# Goose Gloves



## Leo Porcello (Jul 10, 2003)

Have any of you hunted over these or seen anybody use them? Is there a lot of @$$ pain getting them on? I have been seeing the advertisements but have not heard any reports on their effectiveness. Leo


----------



## nodakoutdoors.com (Feb 27, 2002)

I'm going to be carrying them in the store when it comes out.

It's tough to spend and store a lot of full bodies if they don't get used a lot. The only downside is they can get dirty easy, but they can go through the wash so it's nothing permanent.

I don't know many who use them, but I want to use them over my foots in the spring.


----------



## Leo Porcello (Jul 10, 2003)

Okay where is the store. Is it on the forum? Hell I would be willing to try a dozen or at least enough to cover all my full bodies.
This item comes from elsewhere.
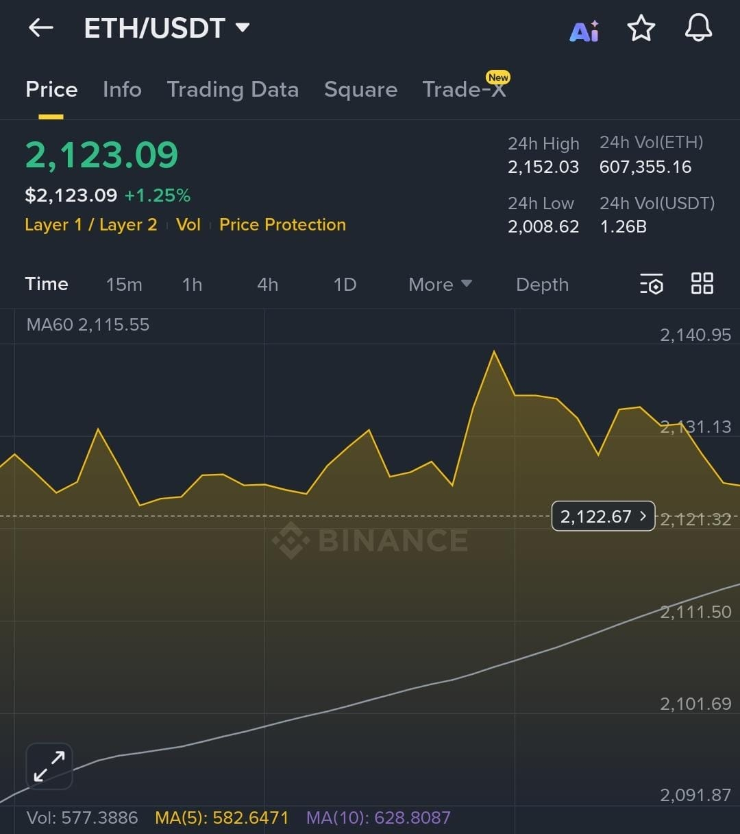 Ethereum sta negoziando attorno a $2.100, ancora ben al di sotto del suo precedente massimo storico vicino a $5.000. Si è ripreso bene nell'ultimo mese, ma la recente volatilità mostra che non è immune ai ritracciamenti. ETH continua a detenere un enorme valore di mercato e liquidità, il che gli conferisce stabilità, ma limita anche quanto velocemente può muoversi.

No sense leaving them in the shed if they can be used.


----------



## djleye (Nov 14, 2002)

I ordered a sample when they first came out. It didn't fit on the bigfoot feeders but the owner said he didn't realize they were a different size and would start to make some that would fit. That was a year and a half ago. I believe they would get awful dirty in a hunt that lasted over three days but I really like the concept. I was more of a snow goose hunter and have only recently switched to the darks so I would have liked to see someone come out with a goose glove that would change a snow shell into a Canada, but I realize I am probably in the minority. I have too many snow shells and not enough dark decoys!!


----------



## nodakoutdoors.com (Feb 27, 2002)

PorkChop said:


> Okay where is the store. Is it on the forum? Hell I would be willing to try a dozen or at least enough to cover all my full bodies. No sense leaving them in the shed if they can be used.


It's coming real soon....been working on it every spare minute to get it to where I want it. I'm shooting for Aug. 15th at the latest.


----------



## hoosier dhr (Jul 24, 2003)

What is the price on these goose sleeves? Do they fit shells or just FBs? (Thanks)


----------



## nodakoutdoors.com (Feb 27, 2002)

They should run at 55.95/doz.

They fit all standard FB's and shells.


----------



## djleye (Nov 14, 2002)

I just got a copy of the new mack PW and they have two sizes of them now, look at that to see what size you would need.(of course then order from the nodak outdoors store!!)


----------